Each backend service operates in a single VPC network and Google Cloud region. The VPC network can be implied or explicitly specified with the --network flag in the gcloud compute backend-services create command:

  • When explicitly specified, the backend service's VPC --network flag identifies the network interface on each backend VM to which traffic is load balanced. Each backend VM must have a network interface in the specified VPC network. In this case, network interface identifiers (nic0 through nic7) can be different among backend VMs. There are additional points to consider depending on the type of backend:

    Instance group backends

    • Different backend VMs in the same unmanaged instance group might use different interface identifiers if each VM has an interface in the specified VPC network.
    • The interface identifier doesn't need to be the same among all backend instance groups—it might be nic0 for backend VMs in one backend instance group and nic2 for backend VMs in another backend instance group.

    Zonal NEG backends

    • Different endpoints in the same GCE_VM_IP zonal NEG might use different interface identifiers.
    • If you specify both a VM name and IP address when adding an endpoint to the zonal NEG, Google Cloud validates that the endpoint is a primary internal IP addresses for the VM's NIC located in the NEG's selected VPC network. Failed validations present error messages indicating that the endpoint doesn't match the primary IP address of the VM's NIC in the NEG's network.
    • If you do not specify IP addresses when adding endpoints to the zonal NEG, Google Cloud selects the primary internal IP address of the NIC in the NEG's selected VPC network.
  • If you don't include the --network flag when you create the backend service, the backend service chooses a network based on the network of the initial (or only) network interface used by all backend VMs. This means that nic0 must be in the same VPC network for all VMs in all backend instance groups.

Health check

The load balancer's backend service must be associated with a global or regional health check. Special routes outside of the VPC network facilitate communication between health check systems and the backends.

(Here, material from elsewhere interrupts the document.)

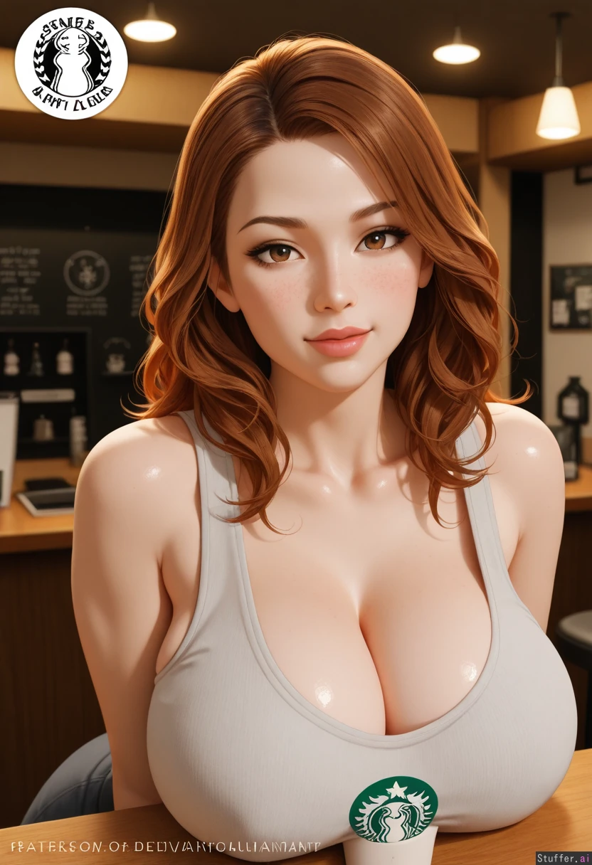 (masterpiece artwork, deviantart, high_resolution, professional_quality, best_rating, detailed female body, exceptional clarity, 3D_erotica, global_illumination, volumetric_lighting, blended_shading, sense of depth, sense of scale), highly realistic, beautiful, (fair pale skin), attractive face, slim face, voluptuous body, narrow shoulders, freckles, heavy , starbucks , 1girl , brown_hair , eyes brown, latina

You can use an existing health check or define a new one. The internal TCP/UDP load balancers use health check status to determine how to route new connections, as described in Traffic distribution.

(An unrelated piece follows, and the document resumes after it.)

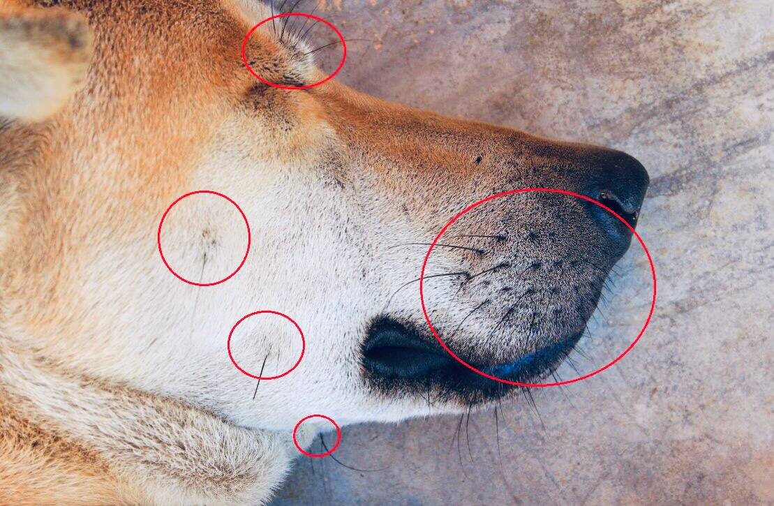 Какие же нормальные особенности собак и кошек могут маскироваться под кожное заболевание и на что обратить внимание, чтобы не упустить настоящую проблему? 📍Часть 2 Одним из вариантов анатомической нормы, «маскирующейся» под патологию,являются места расположения вибрисс (крупные чувствительные волоски, расположенные на теле животного). Они в несколько раз толще и длиннее волос основного шерстного покрова и помогают животному ориентироваться в пространстве, осязать, улавливать воздушные потоки и т.д. В основании вибрисс расположены чувствительные (тилотриховые)подушечки,богатые нервными окончаниями. Эти подушечки похожи на бугорки под кожей, и иногда они принимаются владельцами животных за кожное новообразование, особенно если на момент осмотра сам вибрисс выпал (в процессе обычного цикла роста волоса)или был, например, сострижен при груминге. 🐈🐕 У кошек и собак вибриссы располагаются в первую очередь, конечно, на голове, но не только в формате усов и бровей. Чувствительные волоски

You can use any of the following health check protocols; the protocol of the health check does not have to match the protocol of the load balancer:

  • HTTP, HTTPS, or HTTP/2. If your backend VMs serve traffic by using HTTP, HTTPS, or HTTP/2, it's best to use a health check that matches that protocol because HTTP-based health checks offer options appropriate to that protocol. Serving HTTP-type traffic through an internal TCP/UDP load balancer means that the load balancer's protocol is TCP.
  • SSL or TCP. If your backend VMs do not serve HTTP-type traffic, you should use either an SSL or TCP health check.

Regardless of the type of health check that you create, Google Cloud sends health check probes to the IP address of the internal TCP/UDP load balancer's forwarding rule, to the network interface in the VPC selected by the load balancer's backend service. This simulates how load balanced traffic is delivered. Software running on your backend VMs must respond to both load balanced traffic and health check probes sent to the load balancer's IP address. For more information, see Destination for probe packets.

Health checks and UDP traffic

Google Cloud does not offer a health check that uses the UDP protocol. When you use Internal TCP/UDP Load Balancing with UDP traffic, you must run a TCP-based service on your backend VMs to provide health check information.

In this configuration, client requests are load balanced by using the UDP protocol, and a TCP service is used to provide information to Google Cloud health check probers. For example, you can run a simple HTTP server on each backend VM that returns an HTTP 200 response to Google Cloud. In this example, you should use your own logic running on the backend VM to ensure that the HTTP server returns 200 only if the UDP service is properly configured and running.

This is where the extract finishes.